Despite all this, we carried on, and America moved on. Now, the model minority myth follows us everywhere. We are “perfect immigrants,” model students, and complacent followers. In only 100 years, the Chinese went from despised vermin infecting America to being perceived as hard-working and well-educated. This switch didn’t happen just because we were recognized for our hard work. This switch was a product of a time of turmoil in America, when the Civil Rights Movement, led mainly by Black activists, was awakening the nation. In calling for equal rights for all people of color, activists were seen as radicals. In response, white America cited the success stories of Asian Americans, arguing that Black Americans could also gain success by focusing on education and conforming to the racist structures of America. This was not an example of Asian Americans finally being applauded for their work; we were being exploited as tools to undermine the Civil Rights Movement.

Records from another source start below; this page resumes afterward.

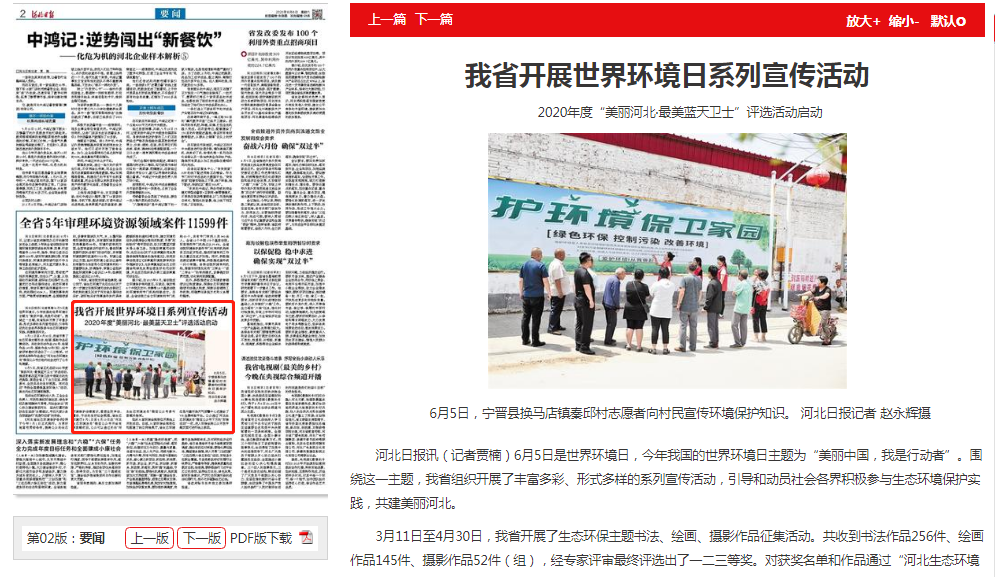 6月5日,我省正式启动2020年度“美丽河北·最美蓝天卫士”评选活动,推选表彰在蓝天保卫战中涌现出的先进典型,营造全省上下合力攻坚、积极参与、全民共治的良好氛围。同时启动“寻找全国最美基层环保人”活动,择优向生态环境部推荐。
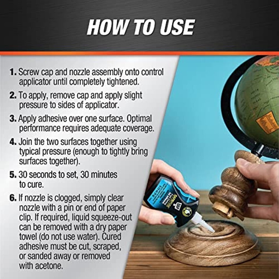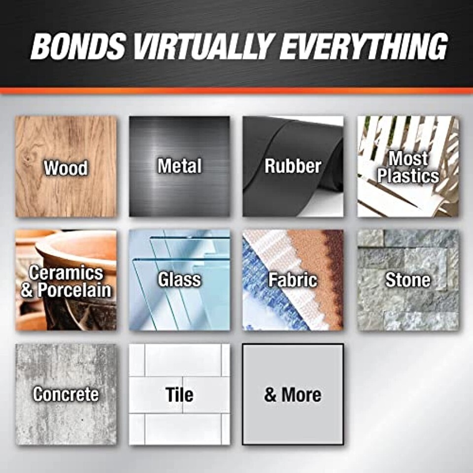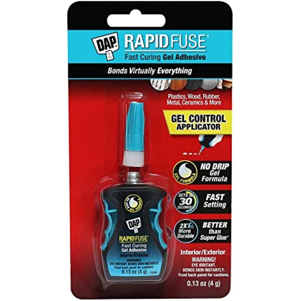 DAP RapidFuse Fast Curing Gel with Gel Control Applicator is easy to use, sets in 30 seconds, and cures in 30 minutes. Bonds virtually all materials, with a professional-strength bond that is 40% stronger than Polyurethane glues. Plus, unlike traditional super glues, objects can be repositioned within 3 minutes, and the bond won?t become brittle resulting in long-lasting durability. The bond is clear ? no expanding foam, no dripping glue, no mess. Indoor outdoor use.
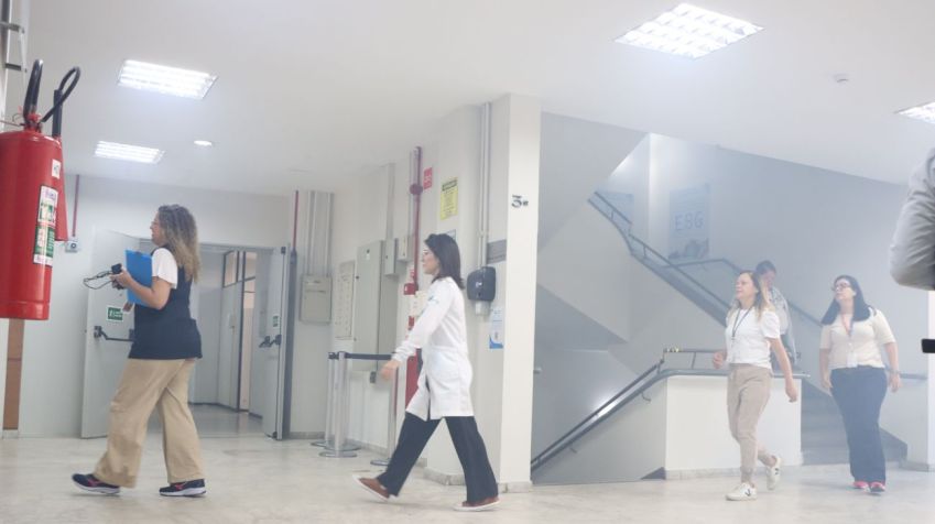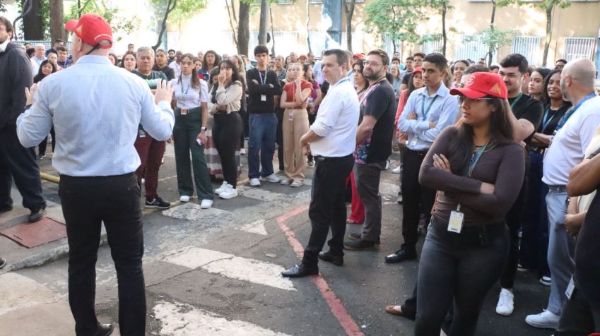 Apitos soaram e todos seguiram orientação dos brigadistas de cada setor; o exercício foi organizado pelo NILO

This model minority myth makes Asian Americans one-dimensional. We are test scores,

brand-name purses, and quiet sustainers of the status quo. The work we do is dismissed because we are supposedly inherently more intelligent. This dismissal ignores the history of violence and discrimination we experienced to get where we are. It encourages ignorance, and ignorance drives racism. Ignorance breeds fear and hate, and ignorance is taught. Ignorance is what killed Vincent Chin, a Chinese man about to be married when two white men violently murdered him, apparently blaming him for the success of Japan’s auto industry. They didn’t spend a day in jail. Ignorance impacts people from all regions, and from all races. We’ve all heard stories like Vincent Chin’s, because unfortunately, he wasn’t an outlier. The public execution of George Floyd and of Rayshard Brooks 30 years after Chin’s murder attest to America’s sad reality.


The COVID-19 pandemic that started in Wuhan, China did not start a new strain of

racism against those of Chinese and Asian descent in the United States; it simply re-opened age old wounds. Nevertheless, the struggles that Chinese Americans and other Asian Americans face aren’t specific to us. Discrimination, microaggressions, and racism are widespread in modern America, and they impact everyone, regardless of race or ethnicity. A call to end racism is a unifying call, a call to put aside our differences and agree that all racism should be condemned. When one of us suffers from racism’s sting, all of us are poisoned.